(Exercise) Beginning with the line containing "[钢琴谱]伴奏音型训练--和弦式(一)-钢琴谱(钢琴曲)-巫女多多阿嚏" and going on through the line containing "Omán es un país", the lines below are to be returned exactly, pictures excluded and nothing added.

*** Opening of Available data ***

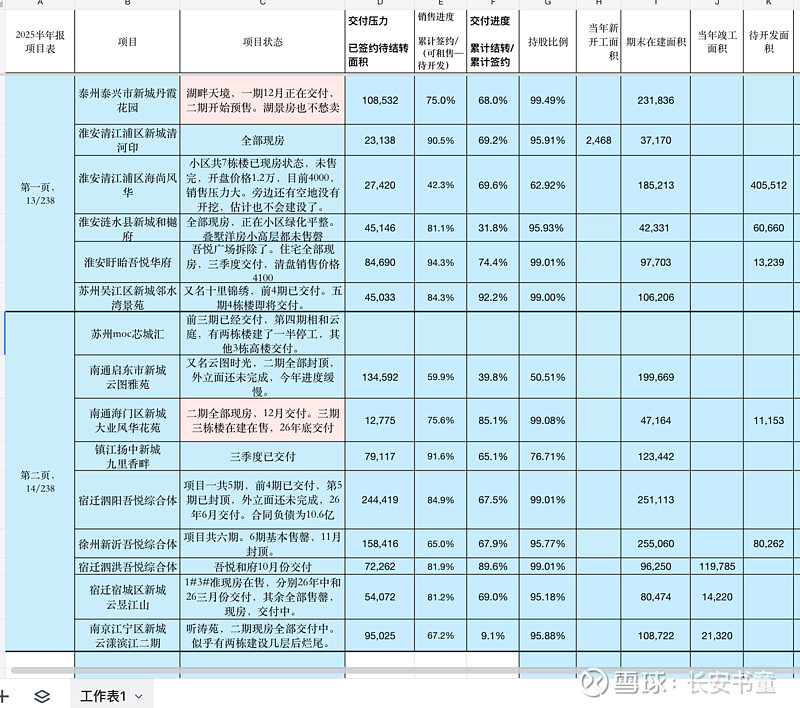 梳理了两页的项目,竣工的不看,持股比例低于30%的不看,剩余交付面积低于1万方的不看。
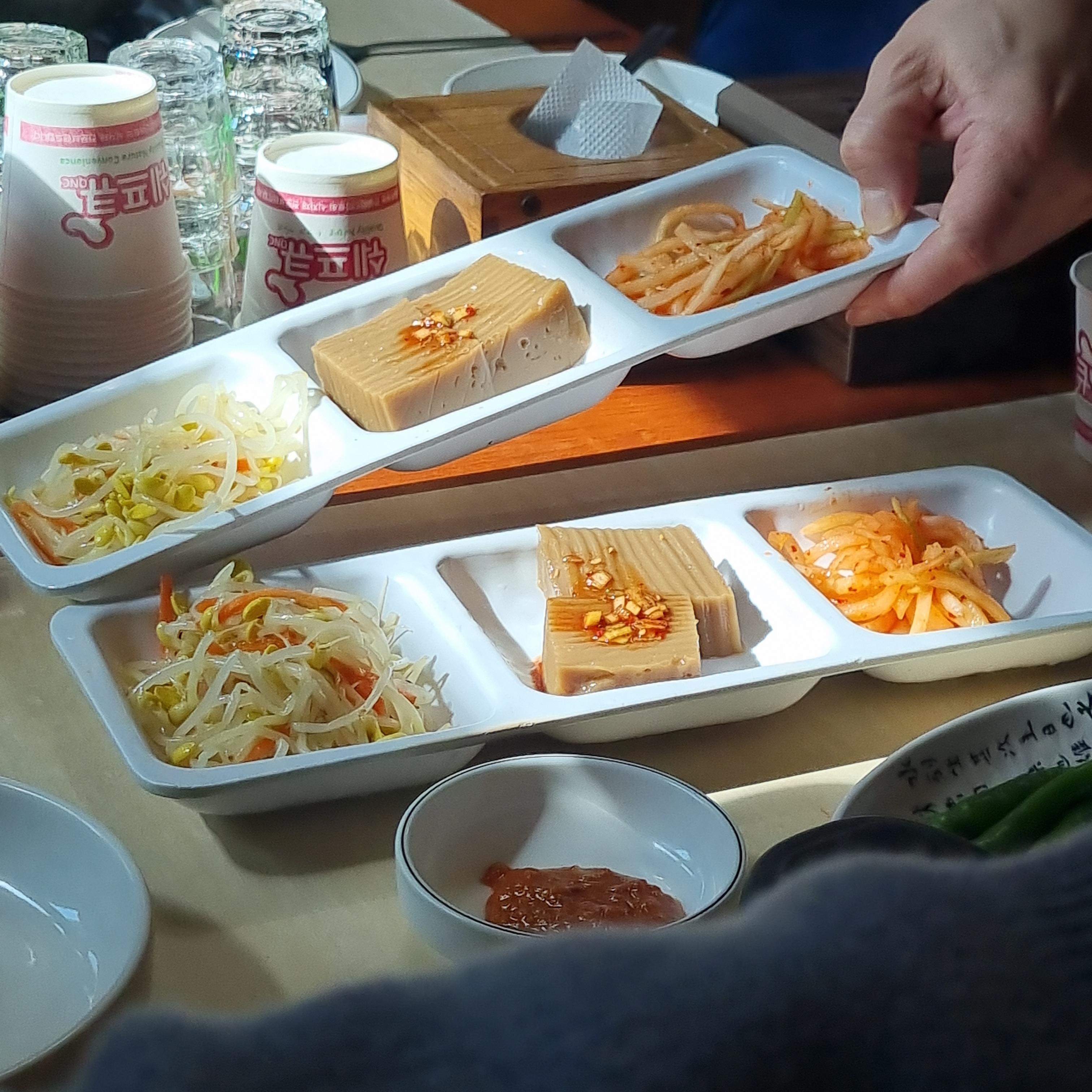 반찬은 조금씩 나오지만 아주 깔끔하게 나오고 원하면 추가 리필이 가능합니다. 도토리묵과 콩나물무침, 무생채가 나오는데 맛은 좋습니다.
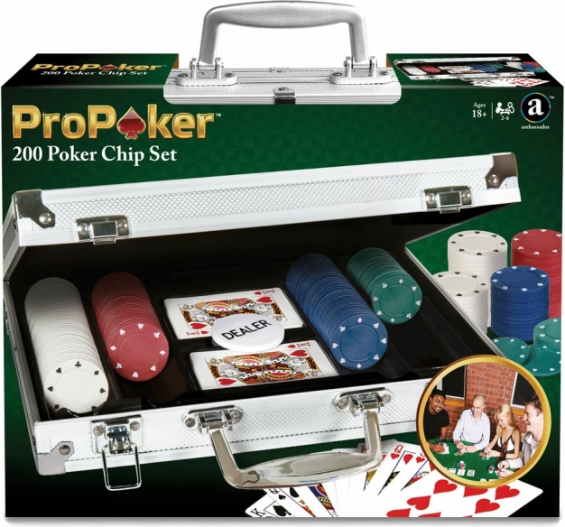 Genießen Sie ein authentisches Pokererlebnis mit dem kompletten ProPoker 200 Set. Enthält 200 Chips, 2 Kartendecks, Dealer-Button und einen robusten Aluminiumkoffer für einfaches Transportieren. Ideal für Texas Hold'em und Heimturniere mit 2–6 Spielern.
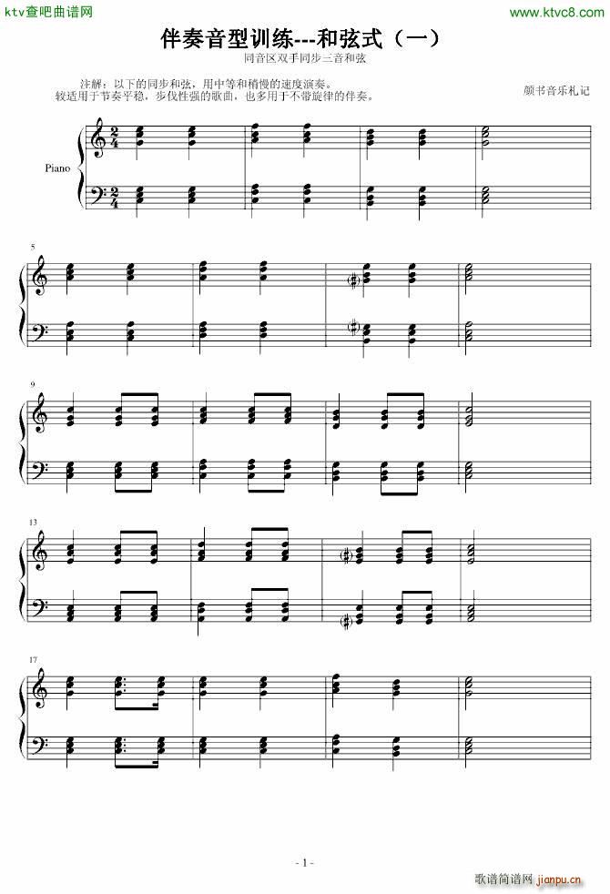 [钢琴谱]伴奏音型训练--和弦式(一)-钢琴谱(钢琴曲)-巫女多多阿嚏
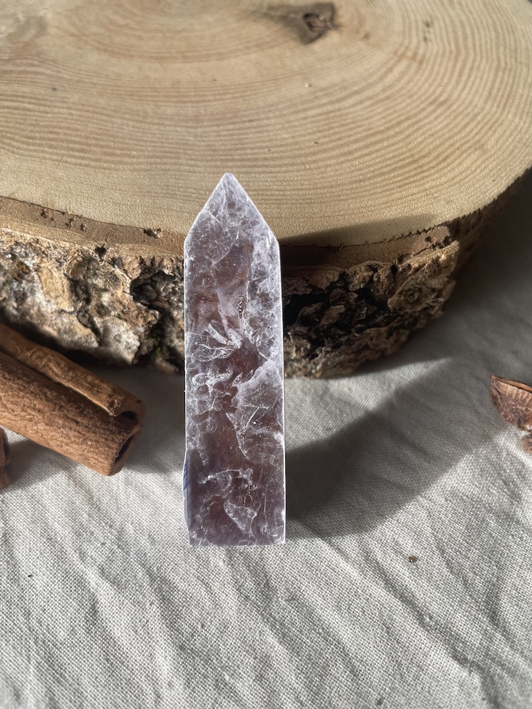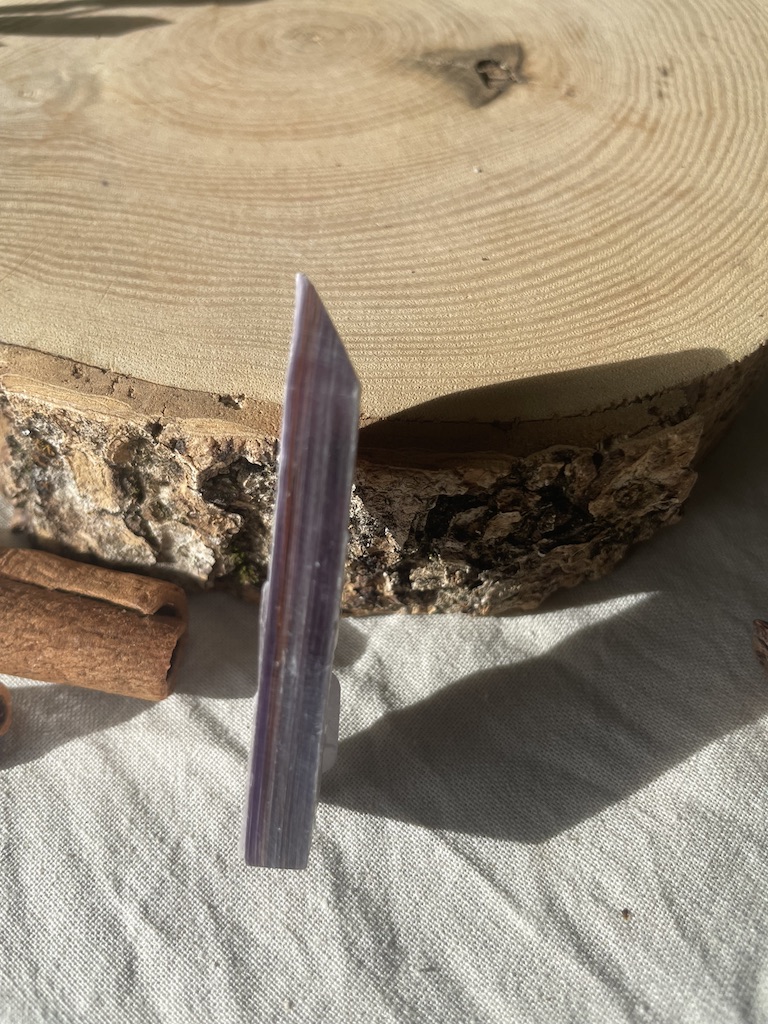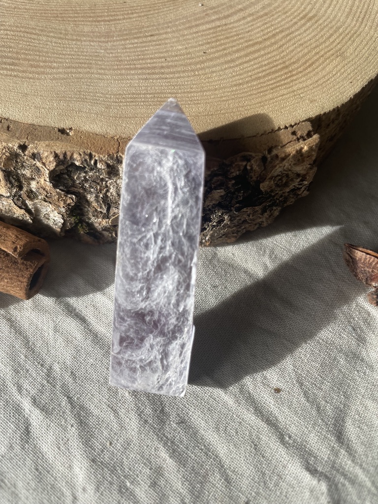 Il s’agit d’une Lépidolite en provenance du Portugal, taillée en forme de pointe.
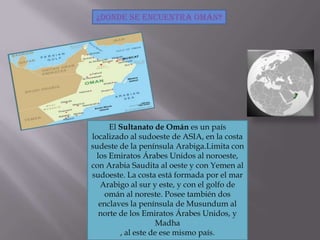 Omán es un país localizado en el suroeste de Asia, en la península Arábiga, con costas en el mar Arábigo y el golfo de Omán. Su economía depende de la explotación de gas natural y petróleo. Tiene algunas de las mejores playas según los turistas, con vistas al mar, hospedaje y comida de alta calidad. Respecto a los derechos humanos, Omán ha firmado o ratificado varios de los organismos de la Carta Internacional de Derechos Humanos.
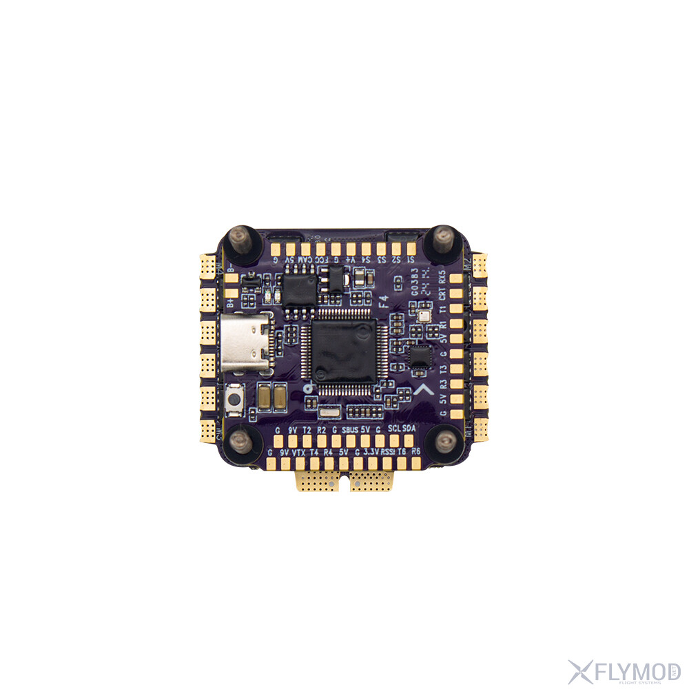 FLYCOLOR BLS 04 F4 65A 3-6S stack combines a 4-in-1 ESC and flight controller. The dual-layer tower design with dampers between them reduces vibration. The EFM8BB21-basedESC operates up to 50MHz and supports BLHeli-S/Bluejay with 65A DC and 70A peak. The STM32F405 controller with MPU-6500 gyroscope and BMP388 barometer provides stabilization and altitude control. Built-in 3.3V/5V/9VBECs power the receiver, video transmitter, camera, LEDs, and more. SBUS, CRSF and SPEKTRUM protocols are supported. The compact dimensions of 45*41*16.5mm and standard 30.5*30.5mm mounting make installation easy.
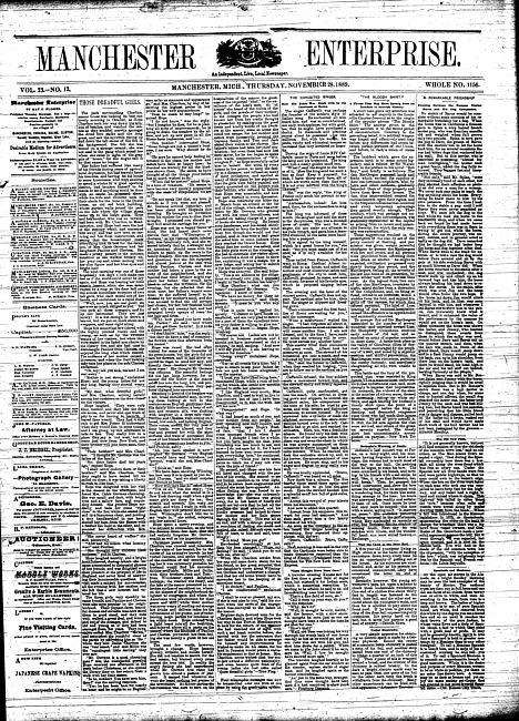 Text (1889)Part of Making of Modern MichiganManchester enterprise. Vol. 23 no. 12 (1889 November 28)
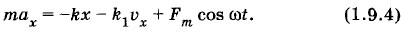 Глава 1. Механические колебания Вынужденные колебанияУравнение движения для вынужденных колебанийПриступим к решению основной задачи: выясним, от чего и как зависят амплитуда хm вынужденных колебаний и сдвиг фаз φс. Для этого запишем и исследуем уравнение движения для вынужденных колебаний. Пусть на колебательную систему (груз на пружине) действует внешняя периодическая сила Fx = Fm cos ωt. Кроме того, на тело действует сила упругости (Fу)x = -kx и сила сопротивления, пропорциональная скорости: (Fc)x = -k1υx, где k1 — коэффициент сопротивления. (При малых скоростях движения тела силу сопротивления можно считать пропорциональной скорости.) Тогда уравнение движения запишется так:
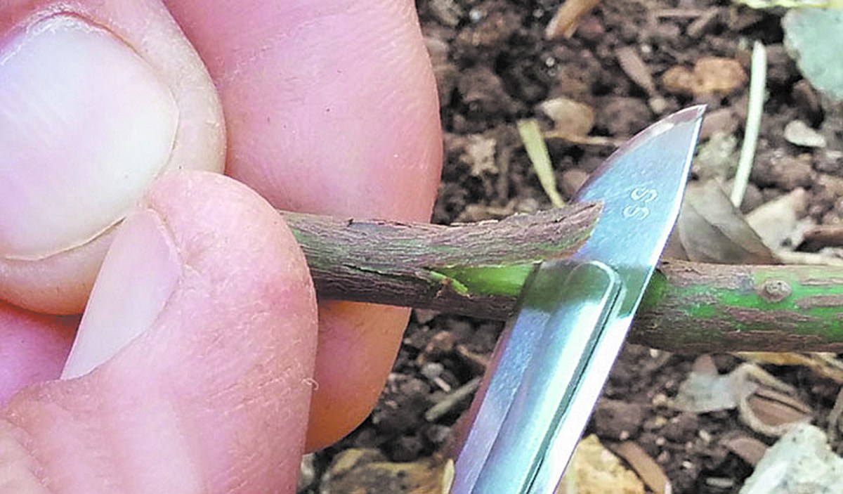 “En nuestra zona del Alto Valle de Río Negro y Neuquén, no es muy conveniente injertar en esta época”, indica Muñoz, ya que las heladas otoñales ocurren cuando los injertos están en crecimiento activo, aun sin lignificar completamente y los queman. En cuanto a las “técnicas de ejecución”, sobre un portainjerto de 0,5 a 2,5 centímetros de diámetro y a unos 10 a 15 centímetros del cuello, se realiza con la navaja, un corte transversal de aproximadamente 1 centímetro.
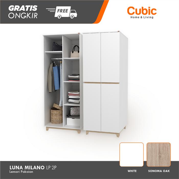 [PROMO] CUBIC LEMARI PAKAIAN MINIMALIS WARDROBE BAJU 2 PINTU LUNA MILANO 2P WHITESONOMA OAK
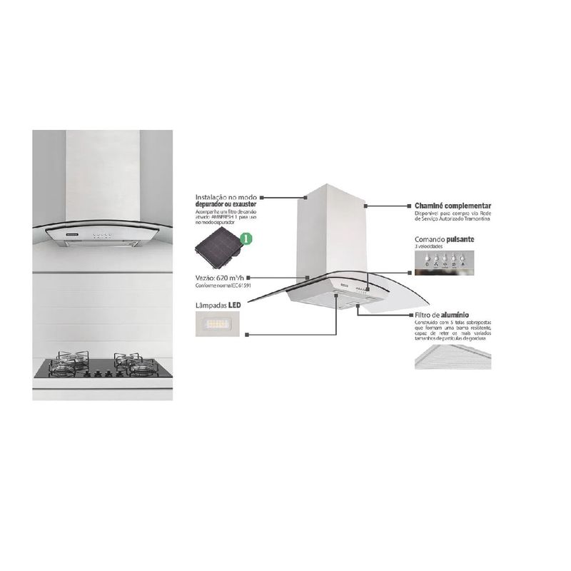 Coifa Tramontina 60 cm New Vetro Inox - 220 Volts

*** Close of Available data ***

(Written response)
 [钢琴谱]伴奏音型训练--和弦式(一)-钢琴谱(钢琴曲)-巫女多多阿嚏
 Il s’agit d’une Lépidolite en provenance du Portugal, taillée en forme de pointe.
 Omán es un país localizado en el suroeste de Asia, en la península Arábiga, con costas en el mar Arábigo y el golfo de Omán. Su economía depende de la explotación de gas natural y petróleo. Tiene algunas de las mejores playas según los turistas, con vistas al mar, hospedaje y comida de alta calidad. Respecto a los derechos humanos, Omán ha firmado o ratificado varios de los organismos de la Carta Internacional de Derechos Humanos.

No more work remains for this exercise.